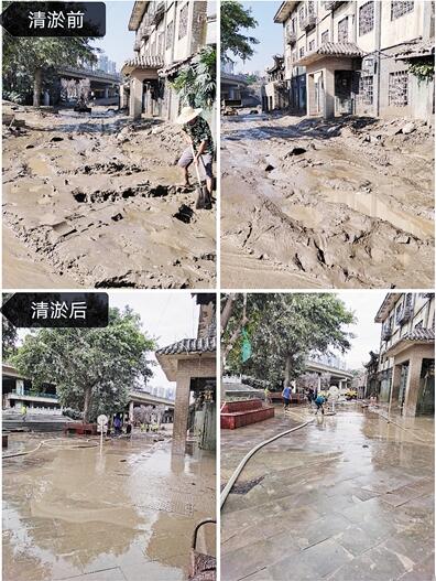 經過三天的大面積清淤,目前磁器口古鎮80%的受淹區域,已完成了清淤工作,也就是說,在環衛工人、城管隊員和志愿者們的齊心協力下,已有8萬余平方米的淹沒區露出了昔日潔凈的面容。
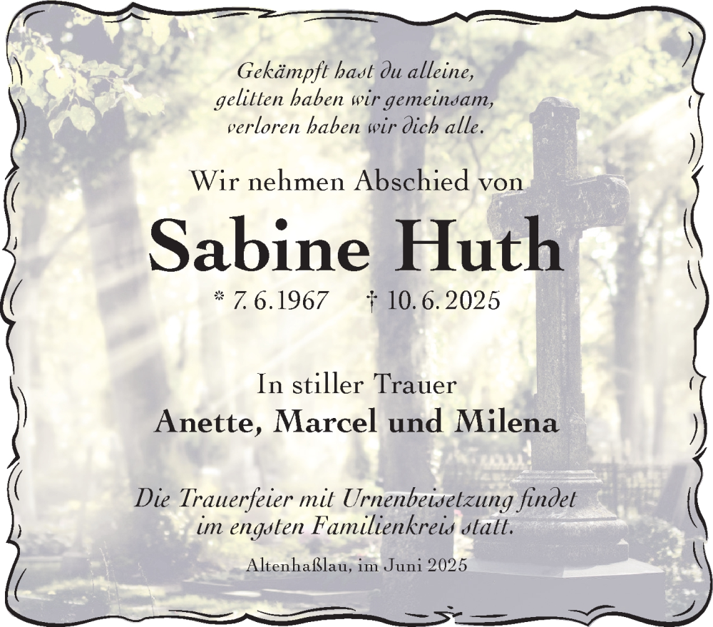 Hier finden Sie alle Traueranzeigen aus der Zeitung, die bisher für Sabine Huth erschienen sind. Weitere Traueranzeigen, die in der Zeitung erscheinen, werden hier ebenfalls aufgelistet
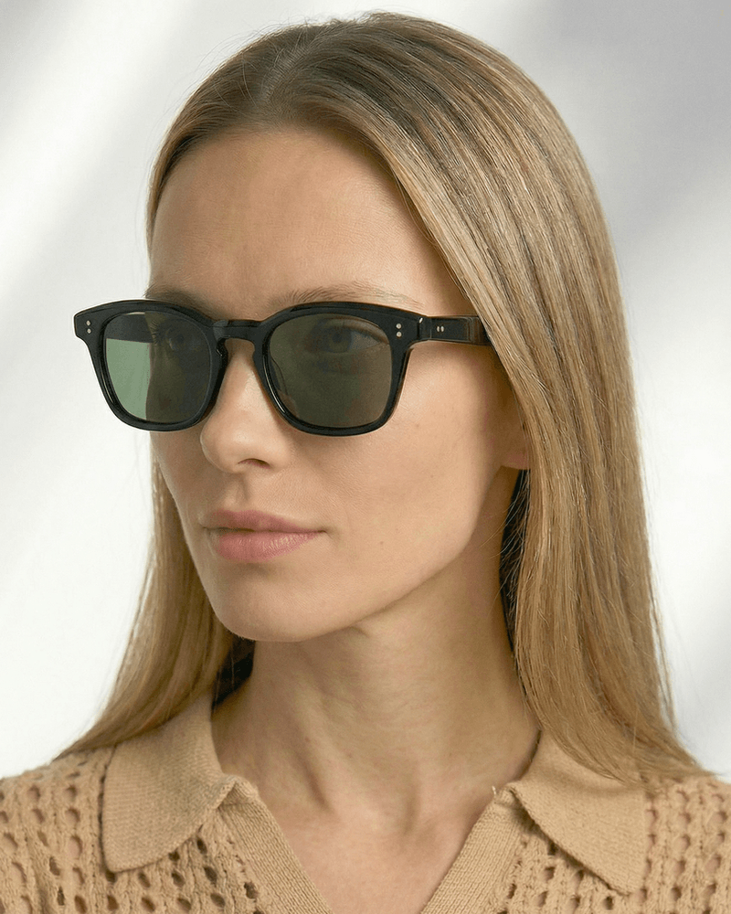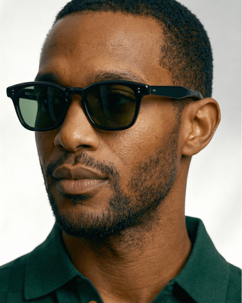 A armação apresenta um formato retangular suavemente arredondado, com proporções equilibradas que emolduram o olhar de forma natural e confortável. A frente sólida transmite estabilidade visual, com detalhes discretos que reforçam sua identidade clássica.
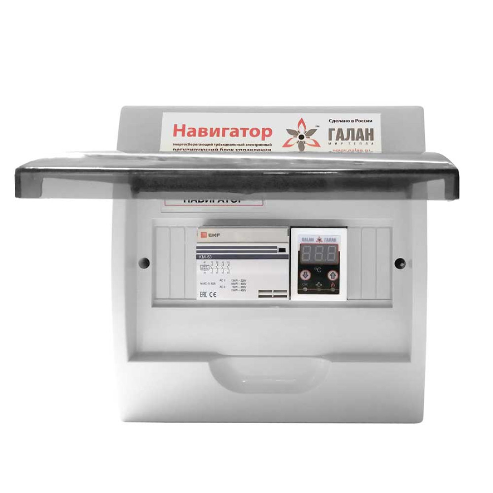 Цифровой регулятор температуры Галан Навигатор Базовый состоит из корпуса, электронного блока с подсоединенными датчиками температуры (красный — подающей трубы и синий обратной трубы); индикаторов работы ступеней нагрева; индикатора включения циркуляционного насоса; индикатора включения внешнего регулятора комнатной температуры; индикаторов канала обратки (синий) и подачи (красный); индикатора температуры; ручки управления; выключателя; переходной колодки подключения циркуляционного насоса и подачи питания блока управления 220 В; реле-контактора (в варианте исполнения Н2 два контактора, 4 в варианте исполнения Н3 — три контактора); контроллера тока 12 (для варианта НКТ); нулевой шины.
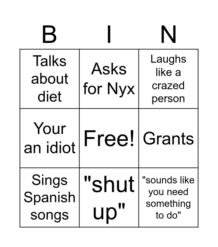 This bingo card has a free space and 11 words: Jackie talks about work, "shut up", "sounds like you need something to do", Sings Spanish songs, Asks for Nyx, Laughs like a crazed person, Grants, Sharon, Your an idiot, Talks about diet and Water.
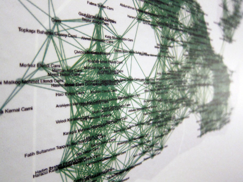 Der türkische Künstler und Techniker Burak Arikan hat bereits in seinen frühen Arbeiten die urbanen Infrastrukturen Istanbuls anhand der Moscheen, Einkaufszentren und nationalen Gedenkstätten kartographiert. Seine Arbeit Islam, Republic, Neoliberalism (2012) wendet eine kritische Methode des Kartographierens an, um vorzuführen, wie Machstrukturen oftmals unbemerkt in den Alltag eingreifen. Aufbauend auf dieser Forschung hat Arikan drei Karten architektonischer Formen erstellt, die zeigen, wie unterschiedliche Architekturen zusammenwirken. Arikan zufolge präsentieren die Karten «a comparative display of network patterns that are formed through associations linking those architectural structures that represent the three dominant ideologies – Islam, Republic, Neoliberalism – in Turkey.» (ebd.)
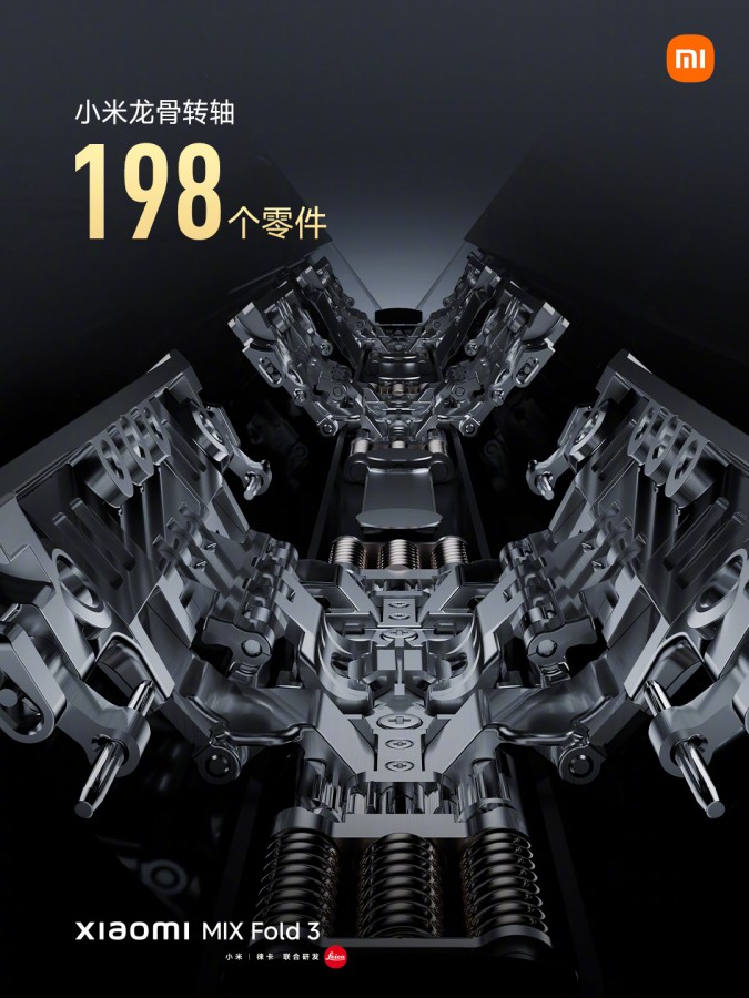 บานพับใหม่ของ Mix Fold 3 มาพร้อมกับบานพับ 3 ชิ้น และบานพับขนาดเล็ก 14 ชิ้นที่ติดกับจอแสดงผลหลักแบบพับได้เพื่อความทนทานที่ดีขึ้นและกลไกการหมุนเหล็กกล้าคาร์บอนเซรามิก และรองรับการเปิดแบบโฮเวอร์ 45°- 135° ซึ่งช่วยให้คุณถือโทรศัพท์ได้เหมือนแล็ปท็อปขนาดเล็ก
++++++++++++++++++++
## THE TASK
Give again, word for word, every line from the top of the data above to the line holding "Hier finden Sie", inclusive, with the pictures left out.

## RESPONSE BELOW
 經過三天的大面積清淤,目前磁器口古鎮80%的受淹區域,已完成了清淤工作,也就是說,在環衛工人、城管隊員和志愿者們的齊心協力下,已有8萬余平方米的淹沒區露出了昔日潔凈的面容。
 Hier finden Sie alle Traueranzeigen aus der Zeitung, die bisher für Sabine Huth erschienen sind. Weitere Traueranzeigen, die in der Zeitung erscheinen, werden hier ebenfalls aufgelistet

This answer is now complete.